Stored items
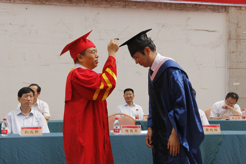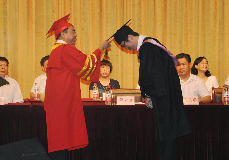在优美的音乐声中,校长傅永聚为2014届毕业生代表颁发毕业证书、学位证书,拨正流苏。
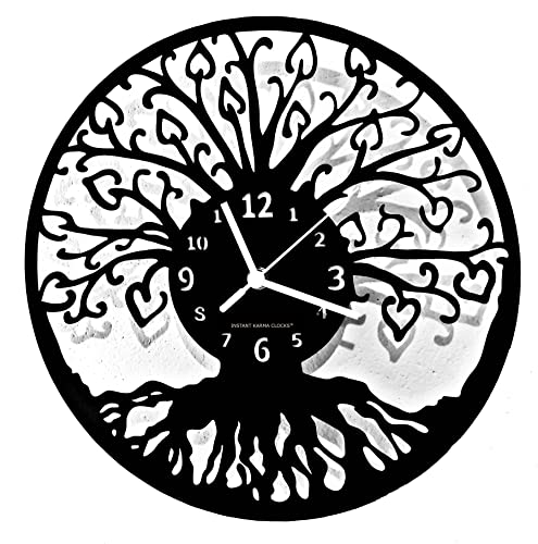 Instant Karma Clocks Wall Clock Tree of Life Cosmology Kitchen Home Living Room Bedroom, Wood, Black, 12 inch/ 30cm
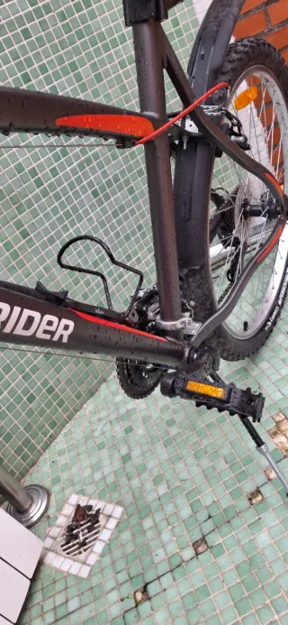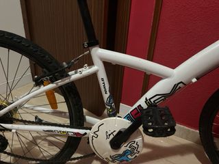 Bicicleta de montaña con ruedas de 26 pulgadas. Pequeños retoques de pintura y freno delantero no vale,de ahí ruedas y gomas buenas cambios Buenos. - Cuadro de color negro. - Horquilla delantera blanca. - Sillín negro. - Reflectores naranjas en las ruedas.
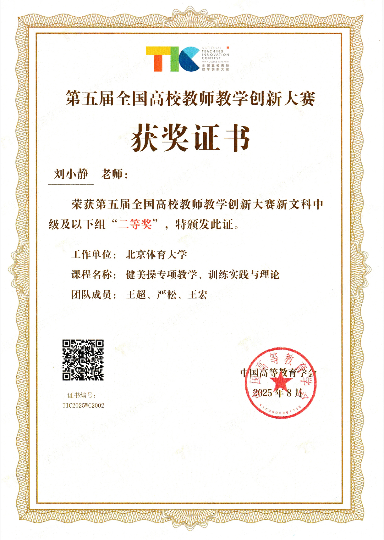 第五届全国高校教师教学创新大赛全国现场赛于8月19日在北京理工大学落下帷幕。我院青年刘小静博士代表北京赛区参赛,主讲课程“健美操专项教学、训练实践与理论”在588个参赛作品中再创佳绩,获得新文科中级及以下组二等奖。为学校继省赛取得最佳成绩后,实现了在全国赛最高级别奖项的新突破。
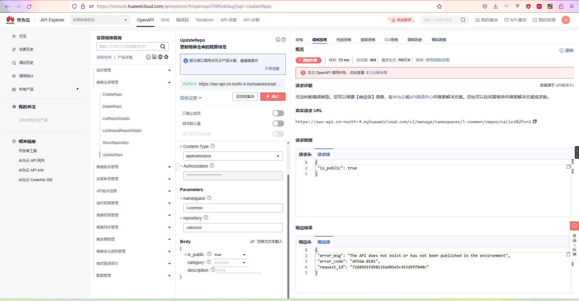 https://console.huaweicloud.cn/apiexplorer/#/openapi/SWR/debug?historyId=8f437d900b9c4585a72f4abdc6303c93
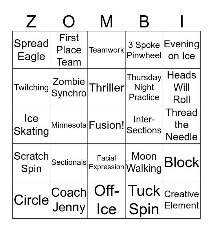 This bingo card has a free space and 24 words: Sectionals, Coach Jenny, Thriller, Circle, Evening on Ice, Spread Eagle, Twitching, First Place Team, Inter-Sections, Facial Expression, Thursday Night Practice, Ice Skating, Moon Walking, Block, Zombie Synchro, Tuck Spin, Thread the Needle, Teamwork, Heads Will Roll, Minnesota, Creative Element, Scratch Spin, 3 Spoke Pinwheel and Off-Ice.
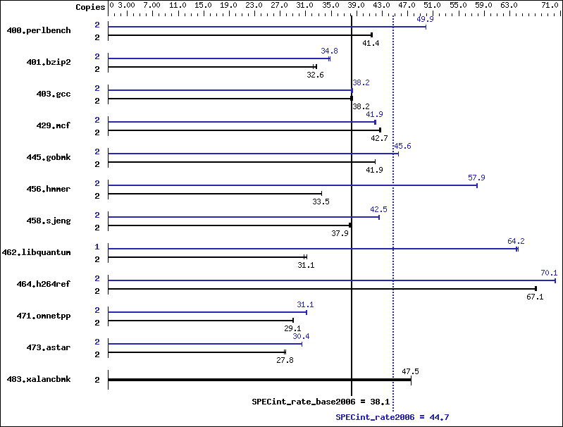 | 458.sjeng | 2 | 641 | 37.8 | 637 | 38.0 | 638 | 37.9 | 2 | 570 | 42.4 | 569 | 42.5 | 569 | 42.5 |
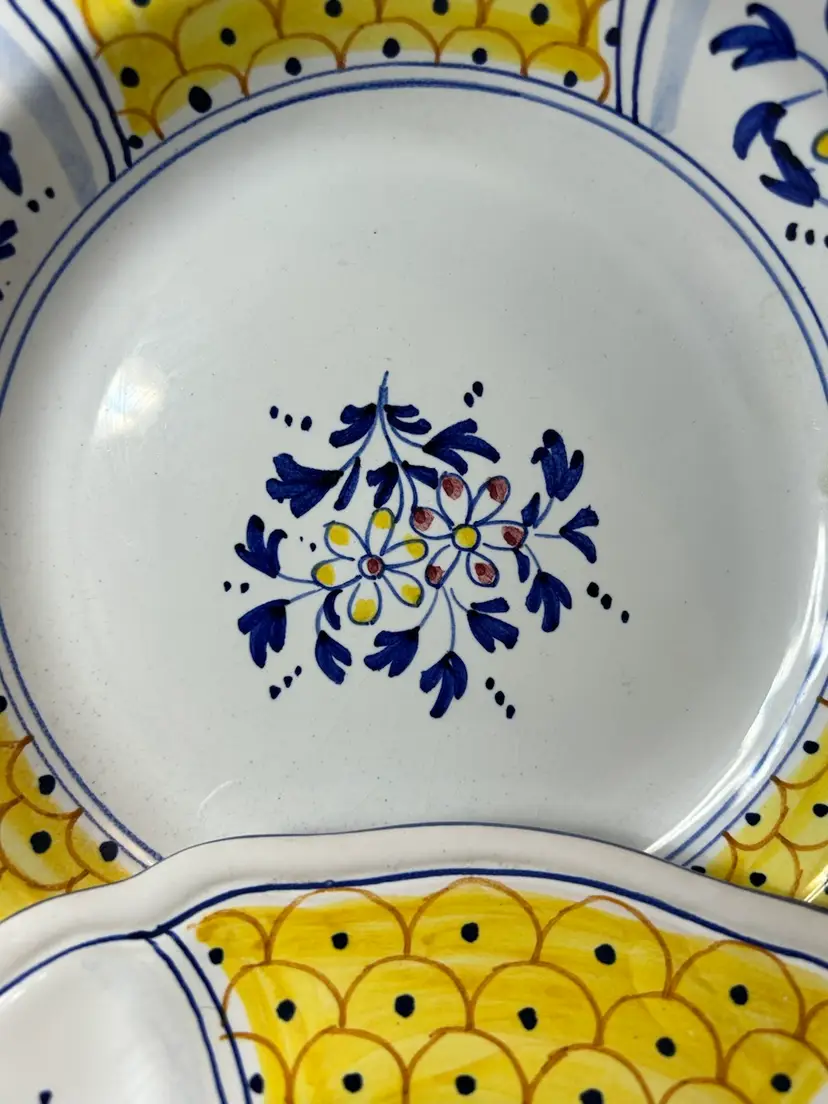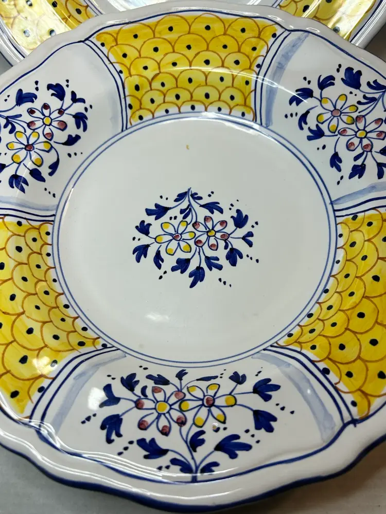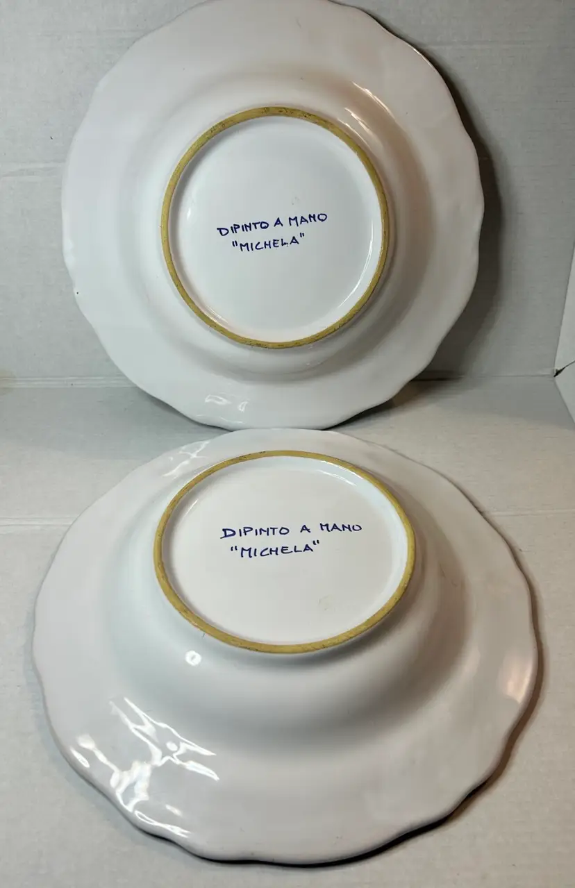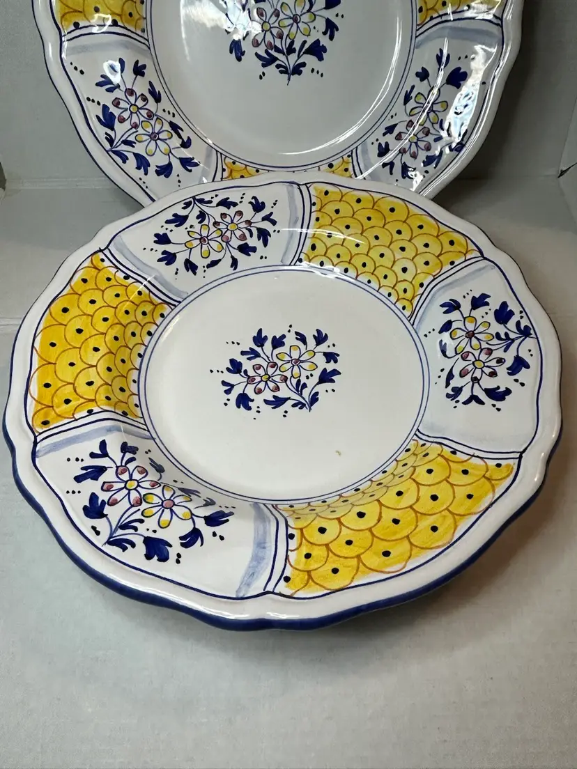 This is a set of two Deruta/Dipinto a Mano plates from Italy, featuring a unique design in yellow and blue. The handmade craftsmanship and vibrant colors make these plates a charming addition to any dining table or collection. The intricate details and high-quality materials showcase the artistry of Italian pottery, adding a touch of elegance .
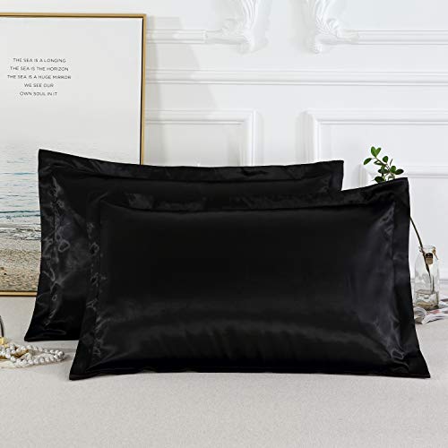 Federa per cuscini, effetto seta satinato, dimensione queen/standard, confezione da 2 pezzi, grigio, Seta Satin, Nero, Standard
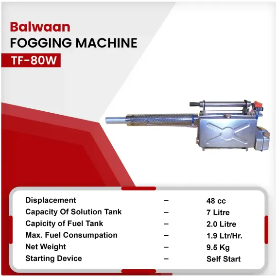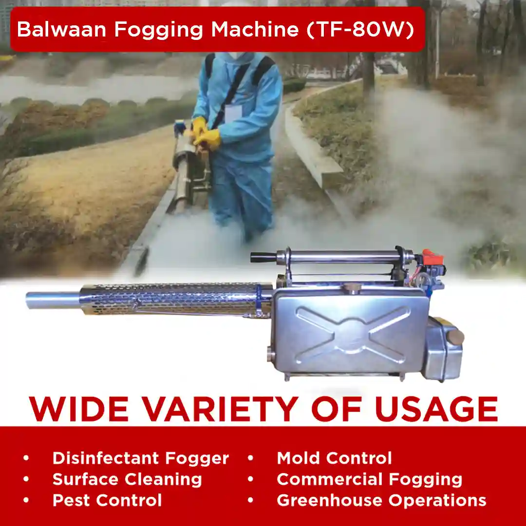 Make your sanitization and pest control efficiency easy with the Balwaan TF-80W Thermal Fogging Machine, a powerful and lightweight 48cc portable fogger designed for professional agricultural and commercial applications. Engineered with a high-performance engine and self-start system, this fogging machine delivers reliable and consistent fog output for effective area coverage.
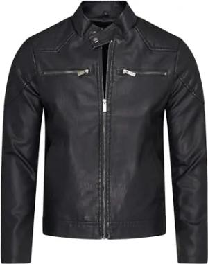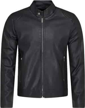 Herren Kunstlederjacke Leichte Übergangsjacke Biker-Jacke Freizeitjacke Jacket Schwarz Black S2_MANE-Schwarz-S
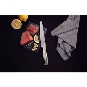 Se você quer elevar o nível da sua cozinha, a Faca Utility Tramontina Sublime em Aço Inox 8 polegadas é a escolha perfeita! Com uma pega robusta, confortável e ergonômica, ela tem lâmina com tratamento térmico e possui design exclusivo - ambos projetados para proporcionar o prazer de cozinhar com , facilidade e precisão. A faca ainda pode ir à máquina de lavar louças, o que facilita ainda mais o seu dia a dia na cozinha. Sem dúvida, uma faca essencial para quem não abre mão do melhor na cozinha!
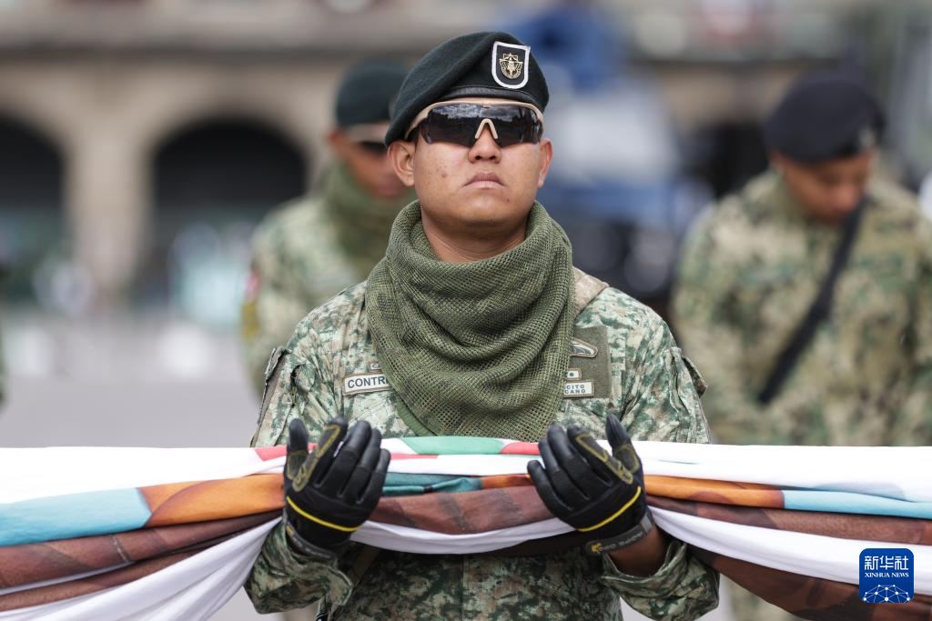 9月16日,在墨西哥首都墨西哥城宪法广场,手持墨西哥国旗的士兵参加独立日阅兵。
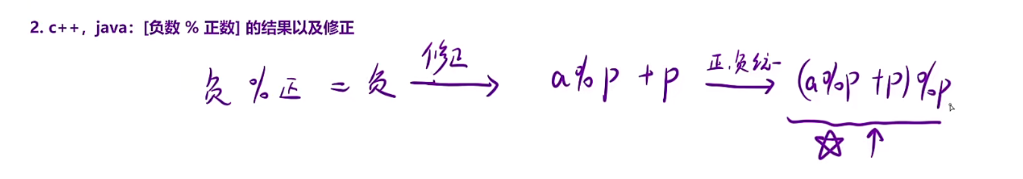 对于c++和Java,负数%正数=负数(这里和数学当中是不一样的),所以需要修正

* **Task**
Print exactly the lines above that run from the one with "Instant Karma Clocks" down to the one with "Federa per cuscini, effetto", and omit the pictures.

* **Result of the exercise**
 Instant Karma Clocks Wall Clock Tree of Life Cosmology Kitchen Home Living Room Bedroom, Wood, Black, 12 inch/ 30cm
 Bicicleta de montaña con ruedas de 26 pulgadas. Pequeños retoques de pintura y freno delantero no vale,de ahí ruedas y gomas buenas cambios Buenos. - Cuadro de color negro. - Horquilla delantera blanca. - Sillín negro. - Reflectores naranjas en las ruedas.
 第五届全国高校教师教学创新大赛全国现场赛于8月19日在北京理工大学落下帷幕。我院青年刘小静博士代表北京赛区参赛,主讲课程“健美操专项教学、训练实践与理论”在588个参赛作品中再创佳绩,获得新文科中级及以下组二等奖。为学校继省赛取得最佳成绩后,实现了在全国赛最高级别奖项的新突破。
 https://console.huaweicloud.cn/apiexplorer/#/openapi/SWR/debug?historyId=8f437d900b9c4585a72f4abdc6303c93
 This bingo card has a free space and 24 words: Sectionals, Coach Jenny, Thriller, Circle, Evening on Ice, Spread Eagle, Twitching, First Place Team, Inter-Sections, Facial Expression, Thursday Night Practice, Ice Skating, Moon Walking, Block, Zombie Synchro, Tuck Spin, Thread the Needle, Teamwork, Heads Will Roll, Minnesota, Creative Element, Scratch Spin, 3 Spoke Pinwheel and Off-Ice.
 | 458.sjeng | 2 | 641 | 37.8 | 637 | 38.0 | 638 | 37.9 | 2 | 570 | 42.4 | 569 | 42.5 | 569 | 42.5 |
 This is a set of two Deruta/Dipinto a Mano plates from Italy, featuring a unique design in yellow and blue. The handmade craftsmanship and vibrant colors make these plates a charming addition to any dining table or collection. The intricate details and high-quality materials showcase the artistry of Italian pottery, adding a touch of elegance .
 Federa per cuscini, effetto seta satinato, dimensione queen/standard, confezione da 2 pezzi, grigio, Seta Satin, Nero, Standard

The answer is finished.